Given entries ::
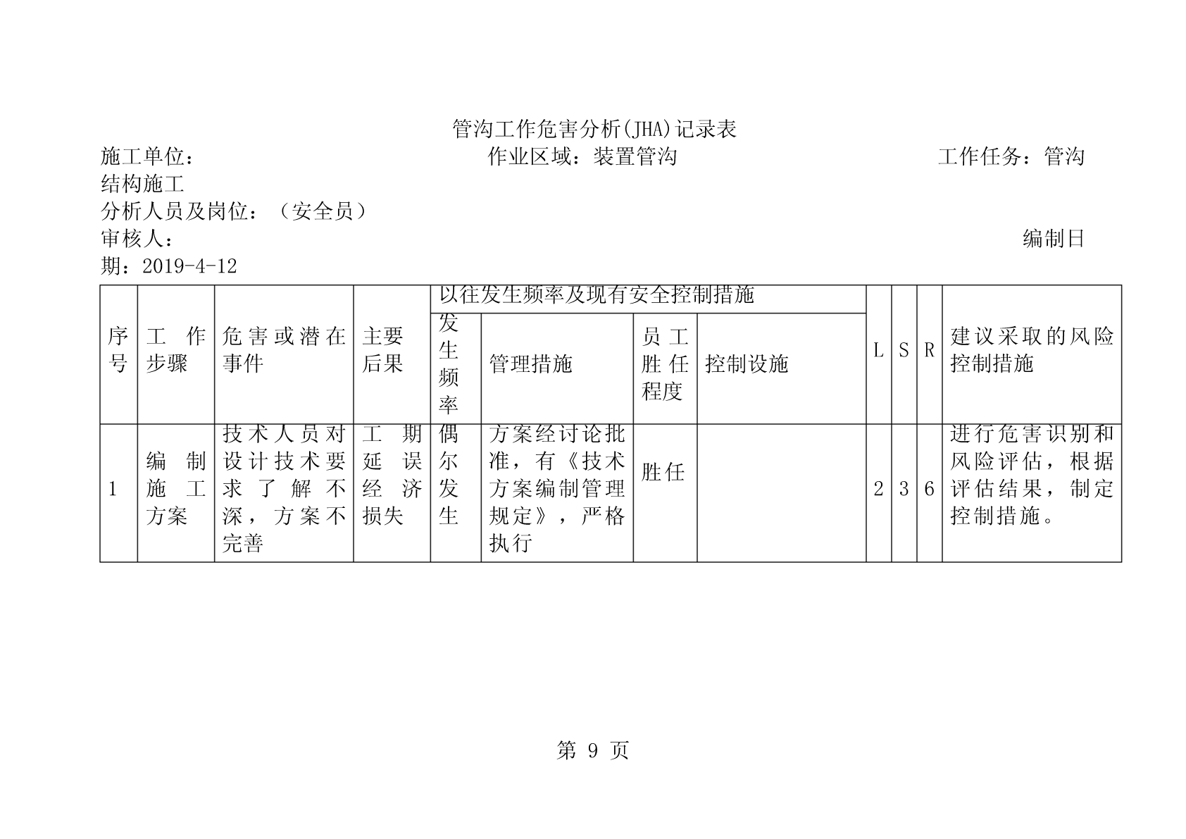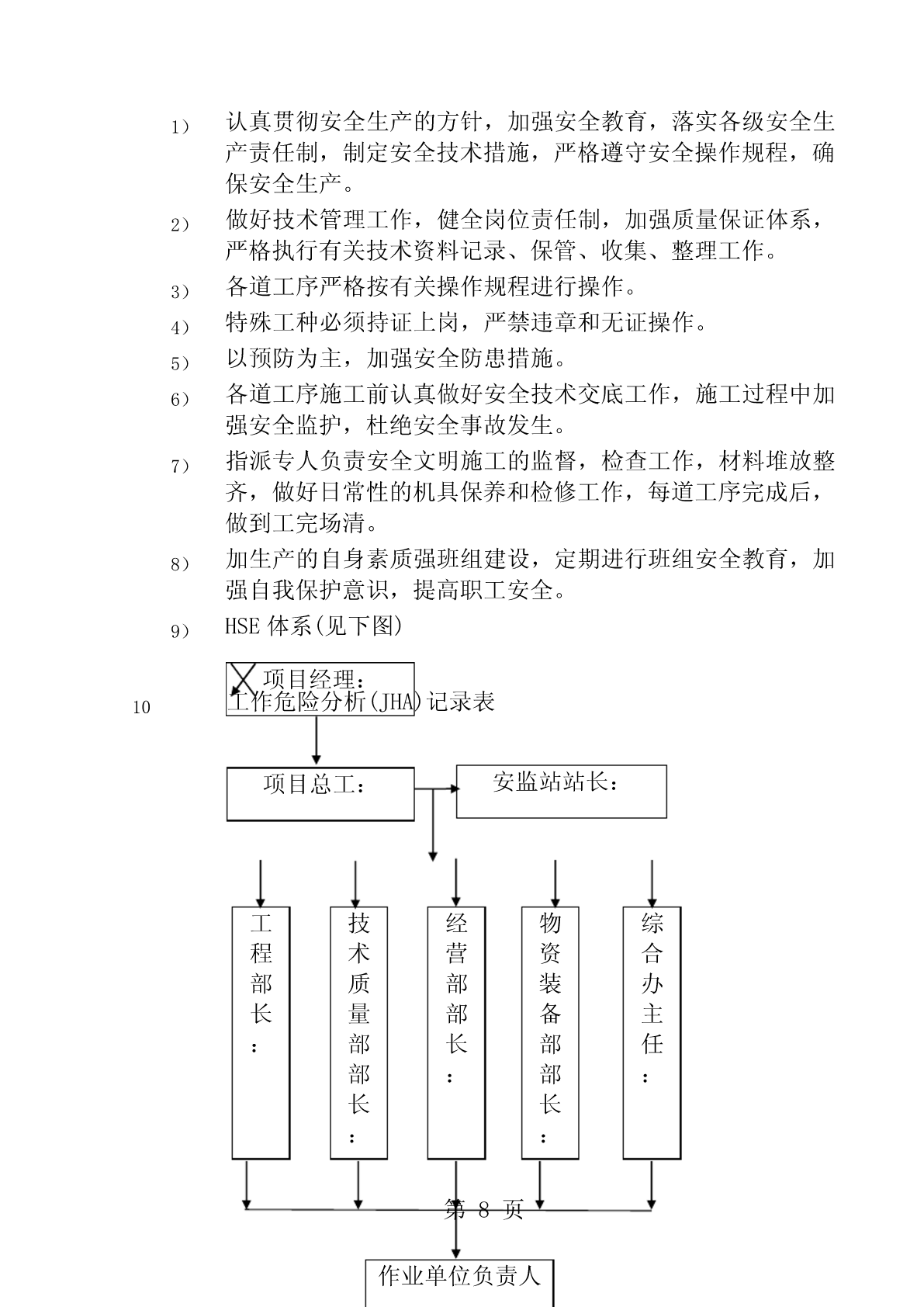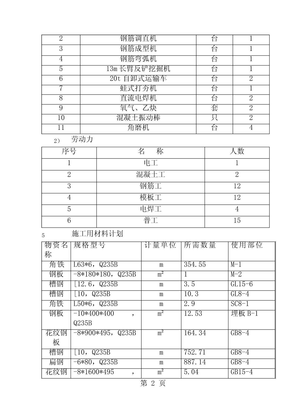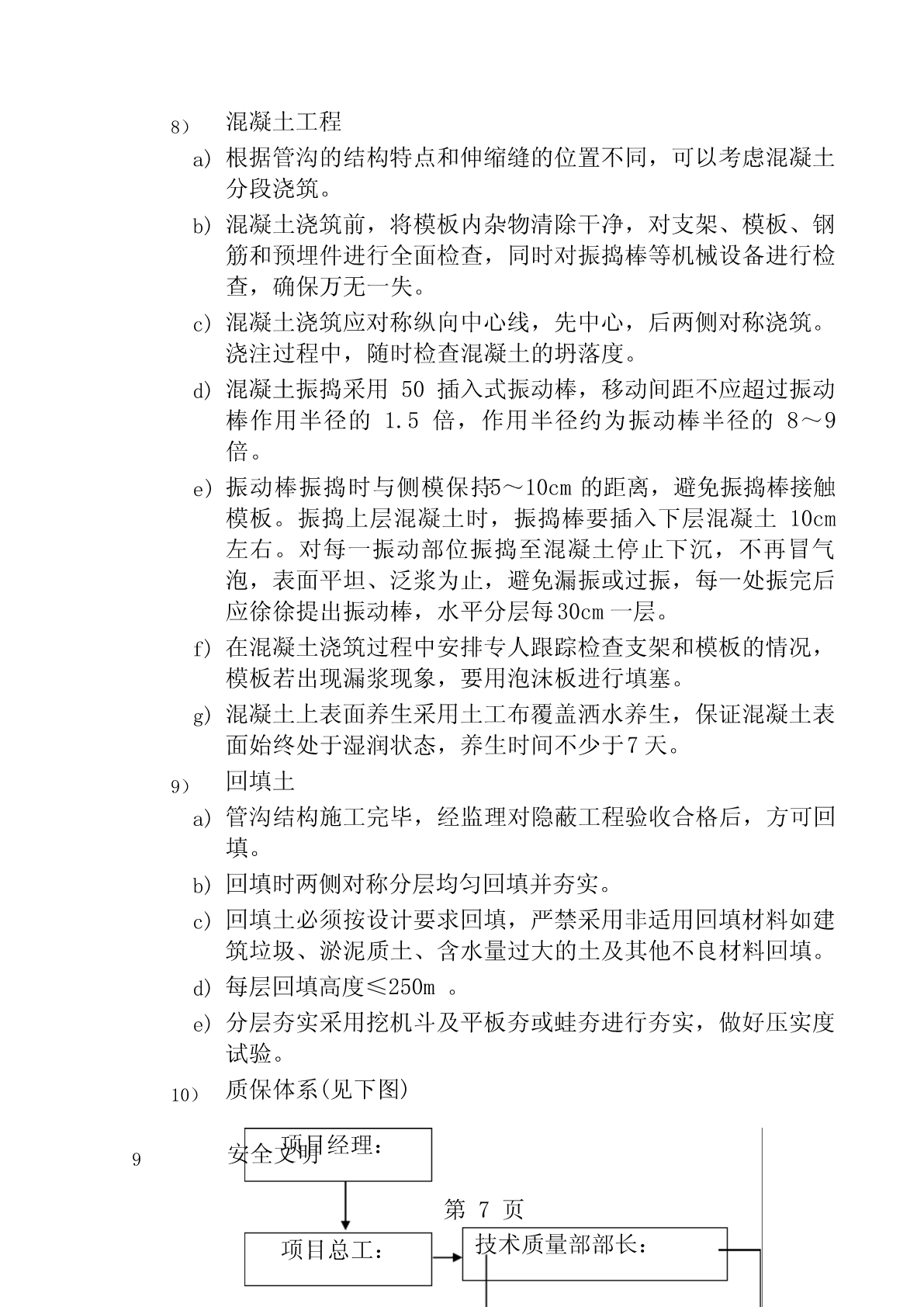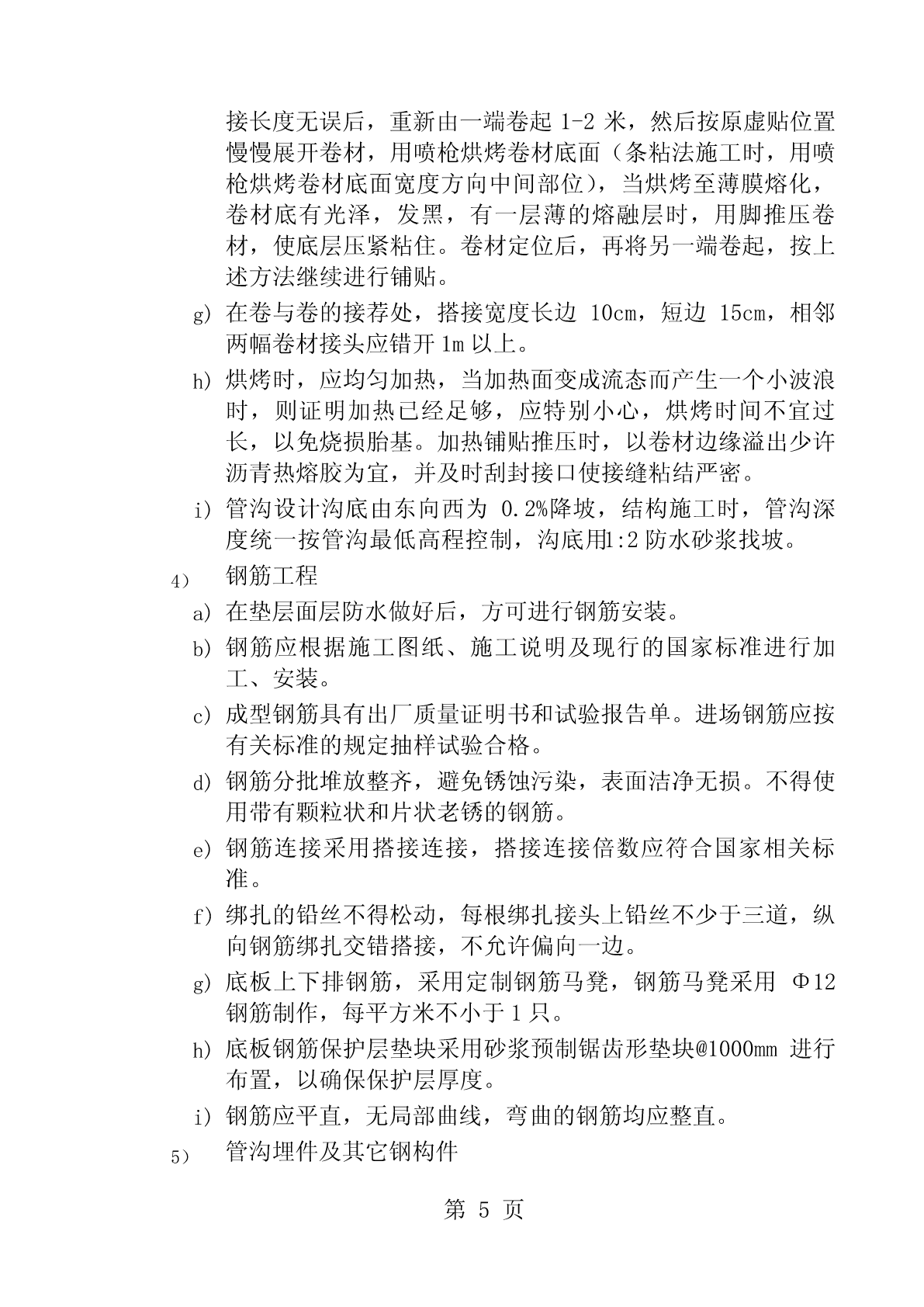 目录1工程概况.............................................12编制依据.............................................13项目组织管理体系.....................................24施工机具、劳动力配备.................................15施工用材料计划.......................................16施工进度计划.........................................37管沟施工工艺流程.....................................38施工技术措施.........................................39安全文明.............................................710工作危险分析(JHA)记录表...........................81工程概况1)管沟位于装置区内,净宽0.70米的管沟总长度为169.13米,净宽1.40米的管沟总长度为2.28米。2)管沟沟底高程为东高西低,坡度系数等于0.2%。其中东端沟底设计高程为EL99.200米。管沟沟壁顶面高程同装置街区地坪平面设计地面标高。3)管沟底板和沟壁采用钢筋混凝土结构,抗震设防烈度8度。混凝土强度等级为C25,抗渗等级为S6;基础垫层为C15。管沟盖板为花纹钢盖板,钢盖板焊接槽钢、扁铁龙骨,型钢材质为Q235B。4)管沟设伸缩缝3道。5)管沟采取抗渗防水措施,防水等级二级,二道设防。防水具体要求为“以防为主,防、排、截、堵相结合,刚柔相济,因地制宜,综合治理”为原则,主要通过抗渗混凝土,合理级配,优质外加剂,合理设置施工缝,科学的设计和施工解决。6)管沟采取结构自重抗浮设计方案,由于管沟位于装置区内,基本不进行地基处理。2编制依据1)地沟及盖板标准图集(02J331)的要求;2)混凝土结构工程施工质量验收规范(GB50204-2019);3)地下防水工程施工质量验收规范(GB50208-2019);4)钢结构工程施工质量验收规范(GB50205-2019);5)建筑钢结构焊接规程(JGJ81-91);6)涂料前钢结构表面锈蚀等级和除锈等级(GB8923)。3项目组织管理体系(见下图)项目经理:4施工机具、劳动力配备1)施工机具序号名项目称总工:单位数量1钢筋切断机台12钢筋调直机台13钢筋成型机台14钢筋弯弧机台1513m长臂反铲挖掘机台1620t自卸式运输车台27蛙式打夯机台18直流电焊机台29氧气、乙炔套210混凝土振动棒只211角磨机台42)劳动力序号名称人数1电工12混凝土工23钢筋工124模板工125电焊工46普工155施工用材料计划物资名规格型号计量单位所需数量使用部位称角铁L63*6,Q235Bm354.55M-1钢板-8*180*180,Q235Bm²1M-2槽钢[12.6,Q235Bm3.5GL15-6槽钢[10,Q235Bm10.3GL8-4角铁L50*6,Q235Bm2.9SC8-1钢板-10*400*400,m²12.53埋板B-1Q235B花纹钢-8*900*495,Q235Bm²164.34GB8-4板槽钢[10,Q235Bm752.71GB8-4扁钢-6*80,Q235Bm887.14GB8-4花纹钢-8*1600*495,m²5.04GB15-4板Q235B槽钢[12.6,Q235Bm26GB15-4扁钢-6*80,Q235Bm21.41GB15-4钢筋HPB235、HRB335级t6.50管沟钢筋止水栓Φ12,L=700(其中套1200管沟壁杆丝400)钢模板小型m²250沟壁及底板钢管D48*3.5m5200管沟模板安装防水卷高聚物改性沥青卷m²900管沟防水材材防水砂1:2.5防水砂浆m²900管沟防水浆牛皮纸卷2伸缩缝防水油小桶1伸缩缝膏6施工进度计划1).现场施工生产进度情况管沟现场施工根据管沟分布的情况,分3个流水段施工(见下图)装置区内管沟施工工期为15天。2)进度保证措施a)确保施工质量,只有质量有保证,施工进度才能有保证;b)施工及管理人员各负其责,责任到人;c)钢筋、预埋件、钢盖板、止水栓杆、防水材料等备料充足,避免出现等料误工情况的发生;d)对施工用机具及时
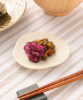 Mino ware mini plate made in Japan featuring a flat and soft rounded shape in nuanced colors. Recommended to serve small bites, condiments or displaying little sweets.
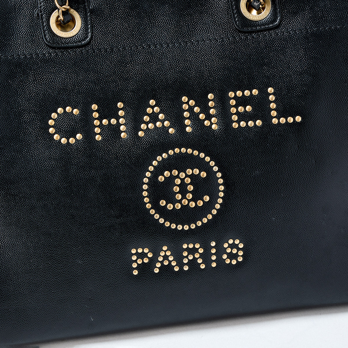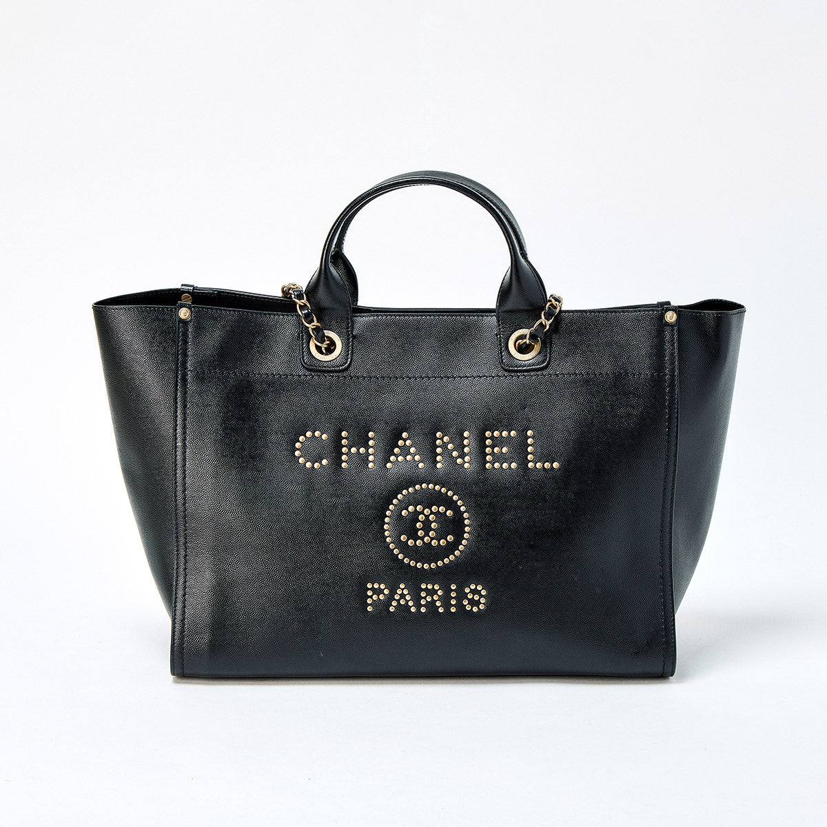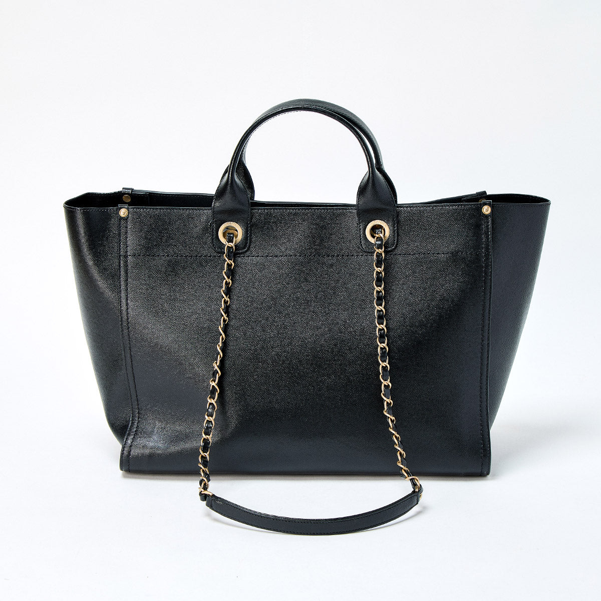 CHANEL Deauville GM 2019 Tote Bag Black Gold Caviar Skin Auth
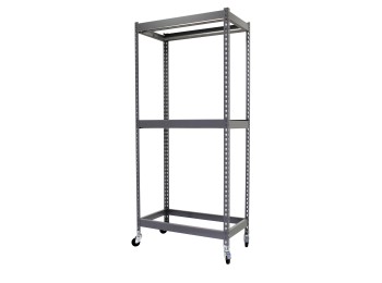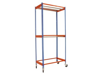Estantería para prenda colgada, de color AZUL/NARANJA. Las dimensiones de esta estantería son: 3000x1500x750 mm. Y tiene una capacidad de carga de 30 kgs. Incluye ruedas. Es fabricado en España y se monta rápido siguiendo las instrucciones.El número de colgadores por módulo es: 3
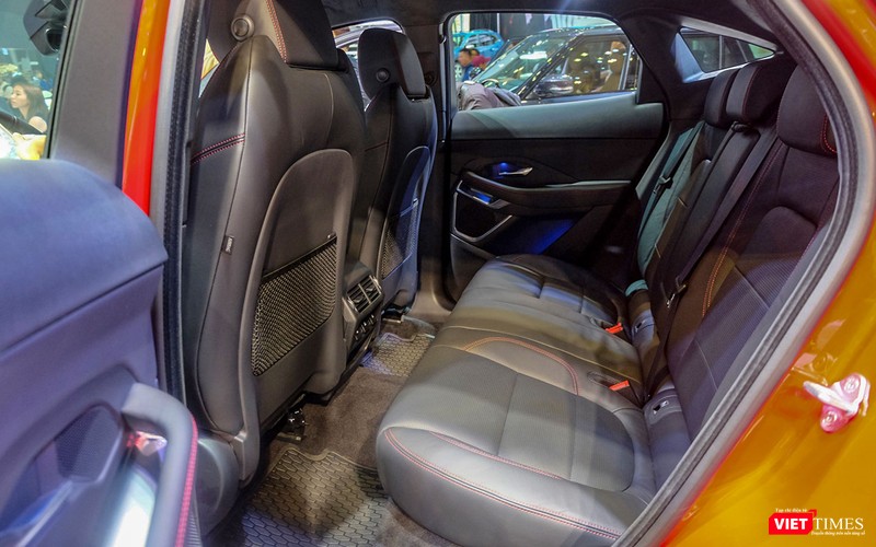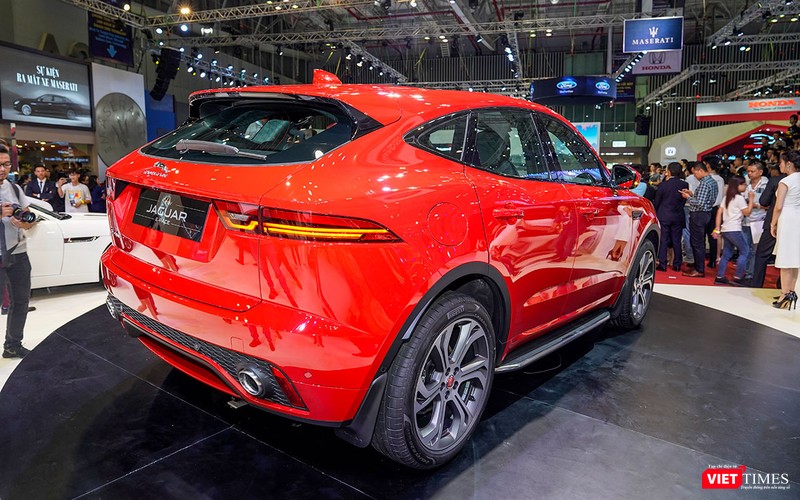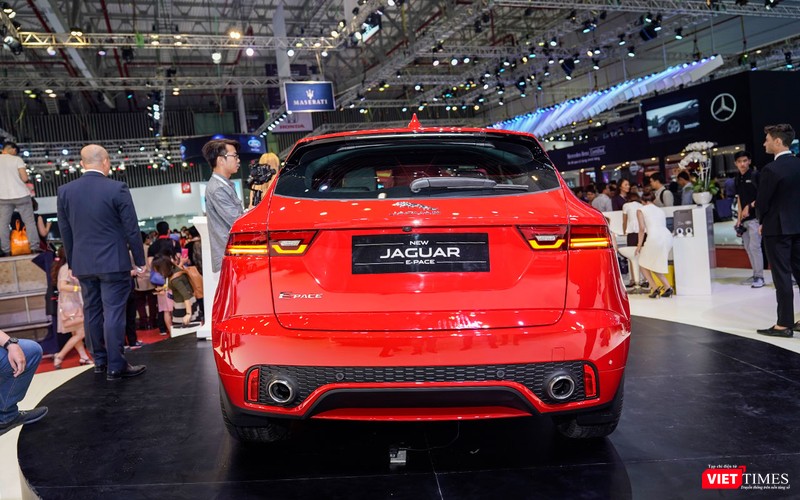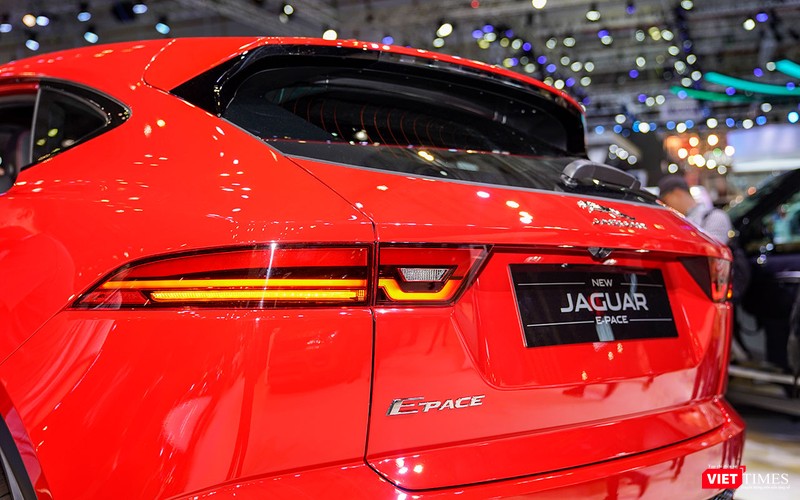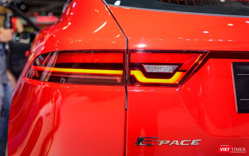 Trong khi ở phía sau, Jaguar E-PACE khó có thể bị nhầm lẫn với người anh F-PACE khi có cụm đèn hậu LED tạo hình vuông thành sắc cạnh hơn. Ốp cản sau với bộ ống xả kép đối xứng trông cũng thể thao hơn so F-PACE.

Your goal :: All entries above must be repeated exactly; pictures are to be left out.

Finished exercise ::
 目录1工程概况.............................................12编制依据.............................................13项目组织管理体系.....................................24施工机具、劳动力配备.................................15施工用材料计划.......................................16施工进度计划.........................................37管沟施工工艺流程.....................................38施工技术措施.........................................39安全文明.............................................710工作危险分析(JHA)记录表...........................81工程概况1)管沟位于装置区内,净宽0.70米的管沟总长度为169.13米,净宽1.40米的管沟总长度为2.28米。2)管沟沟底高程为东高西低,坡度系数等于0.2%。其中东端沟底设计高程为EL99.200米。管沟沟壁顶面高程同装置街区地坪平面设计地面标高。3)管沟底板和沟壁采用钢筋混凝土结构,抗震设防烈度8度。混凝土强度等级为C25,抗渗等级为S6;基础垫层为C15。管沟盖板为花纹钢盖板,钢盖板焊接槽钢、扁铁龙骨,型钢材质为Q235B。4)管沟设伸缩缝3道。5)管沟采取抗渗防水措施,防水等级二级,二道设防。防水具体要求为“以防为主,防、排、截、堵相结合,刚柔相济,因地制宜,综合治理”为原则,主要通过抗渗混凝土,合理级配,优质外加剂,合理设置施工缝,科学的设计和施工解决。6)管沟采取结构自重抗浮设计方案,由于管沟位于装置区内,基本不进行地基处理。2编制依据1)地沟及盖板标准图集(02J331)的要求;2)混凝土结构工程施工质量验收规范(GB50204-2019);3)地下防水工程施工质量验收规范(GB50208-2019);4)钢结构工程施工质量验收规范(GB50205-2019);5)建筑钢结构焊接规程(JGJ81-91);6)涂料前钢结构表面锈蚀等级和除锈等级(GB8923)。3项目组织管理体系(见下图)项目经理:4施工机具、劳动力配备1)施工机具序号名项目称总工:单位数量1钢筋切断机台12钢筋调直机台13钢筋成型机台14钢筋弯弧机台1513m长臂反铲挖掘机台1620t自卸式运输车台27蛙式打夯机台18直流电焊机台29氧气、乙炔套210混凝土振动棒只211角磨机台42)劳动力序号名称人数1电工12混凝土工23钢筋工124模板工125电焊工46普工155施工用材料计划物资名规格型号计量单位所需数量使用部位称角铁L63*6,Q235Bm354.55M-1钢板-8*180*180,Q235Bm²1M-2槽钢[12.6,Q235Bm3.5GL15-6槽钢[10,Q235Bm10.3GL8-4角铁L50*6,Q235Bm2.9SC8-1钢板-10*400*400,m²12.53埋板B-1Q235B花纹钢-8*900*495,Q235Bm²164.34GB8-4板槽钢[10,Q235Bm752.71GB8-4扁钢-6*80,Q235Bm887.14GB8-4花纹钢-8*1600*495,m²5.04GB15-4板Q235B槽钢[12.6,Q235Bm26GB15-4扁钢-6*80,Q235Bm21.41GB15-4钢筋HPB235、HRB335级t6.50管沟钢筋止水栓Φ12,L=700(其中套1200管沟壁杆丝400)钢模板小型m²250沟壁及底板钢管D48*3.5m5200管沟模板安装防水卷高聚物改性沥青卷m²900管沟防水材材防水砂1:2.5防水砂浆m²900管沟防水浆牛皮纸卷2伸缩缝防水油小桶1伸缩缝膏6施工进度计划1).现场施工生产进度情况管沟现场施工根据管沟分布的情况,分3个流水段施工(见下图)装置区内管沟施工工期为15天。2)进度保证措施a)确保施工质量,只有质量有保证,施工进度才能有保证;b)施工及管理人员各负其责,责任到人;c)钢筋、预埋件、钢盖板、止水栓杆、防水材料等备料充足,避免出现等料误工情况的发生;d)对施工用机具及时
 Mino ware mini plate made in Japan featuring a flat and soft rounded shape in nuanced colors. Recommended to serve small bites, condiments or displaying little sweets.
 CHANEL Deauville GM 2019 Tote Bag Black Gold Caviar Skin Auth
Estantería para prenda colgada, de color AZUL/NARANJA. Las dimensiones de esta estantería son: 3000x1500x750 mm. Y tiene una capacidad de carga de 30 kgs. Incluye ruedas. Es fabricado en España y se monta rápido siguiendo las instrucciones.El número de colgadores por módulo es: 3
 Trong khi ở phía sau, Jaguar E-PACE khó có thể bị nhầm lẫn với người anh F-PACE khi có cụm đèn hậu LED tạo hình vuông thành sắc cạnh hơn. Ốp cản sau với bộ ống xả kép đối xứng trông cũng thể thao hơn so F-PACE.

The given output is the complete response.